Former Chief Justice Willy Mutunga, Human Rights defenders at Central police station on July 8, 2023 before addressing media over the arrest and continued detention of Saba Saba Protesters. [Edward Kiplimo, Standard]

What a way to mark the centennial birthday of a country.

There could have been a hundred and three ways to mark the month Kenya was officially shackled and Kenyans deprived of dignity representation. Teargassing an 87-year-old lawyer, Dr John Khaminwa and former Chief Justice Dr Willy Mutunga (77) (pictured, second left) inside a police station was quite a spectacle!

It was like the country had returned to the scene of the crime where the original gross violation of human rights occurred more than a century ago. In two weeks, July 23 this year, will mark exactly 103 years since Kenya was officially made a British colony. The indigenous people became subjects of the King of England and squatters on their own land.

Two years later on March 22, 1922, following a series of highly charged public rallies across the country, outraged colonial government officials ordered the arrest of 51 officials of the East African Association who were demanding just treatment of Africans who were being overtaxed and unrepresented in the Legislative Council (Legco). What followed thereafter on March 16 was a massive protest in Nairobi, where protesters marched to Kingsway Police Station, today Central Police Station, where Harry Thuku and the others were being held.

Police officers opened fire on unarmed protestors. Trigger-happy colonial settlers lounging in the nearby Norfolk hotel joined the bloodletting. When the last of the gun had gone silent, scores lay dead.

And this watered the seeds of resistance which birthed new tactics and unlikely heroes and heroines who would deploy their wits and resources to fight the oppressive government.

Mass protests, tax boycotts, arrests, detention, and crackdown of newspapers and journalists have since been fine-tuned by both the oppressed masses and the ruling elites to fight for their space in Kenya.

The role played by the newspapers, whose publishers were targeted by an authoritarian regime hell-bent on silencing all voices of dissent echoes throughout Kenya’s history. These echoes reverberate in Nazmi Durrani and Naila Durrani’s book, Liberating Minds: Restoring Kenyan History: where they capture the tribulations faced by some of the country’s premier newspapers such as the East African Chronicles and Democrat in their quest to expose government misrule.

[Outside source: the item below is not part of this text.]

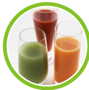
Enjoy nutritious and delicious vegetable and fruit juice. 5

Manilal Desai, who also assisted Thuku to publish Tangazo was forced to go ‘begging’ around East Africa in search of funds to sustain his publication because he had been starved of advertising in Kenya. It was during this tour in July 1926 that the illustrious publisher died after a short illness in Bukoba, Tanganyika, now Tanzania. Another firebrand journalist cum trade unionist, Makhan Singh who specialised in publishing newsletters and pamphlets blasting bad government policies had numerous run-ins with the State, resulting in his detention for over 11 years.

The memories of all these struggles flooded back last week when former Chief Justice and Dr Khaminwa were teargassed out of the Central Police Station for demanding the release of suspects who had been arrested for demonstrating against the high cost of living.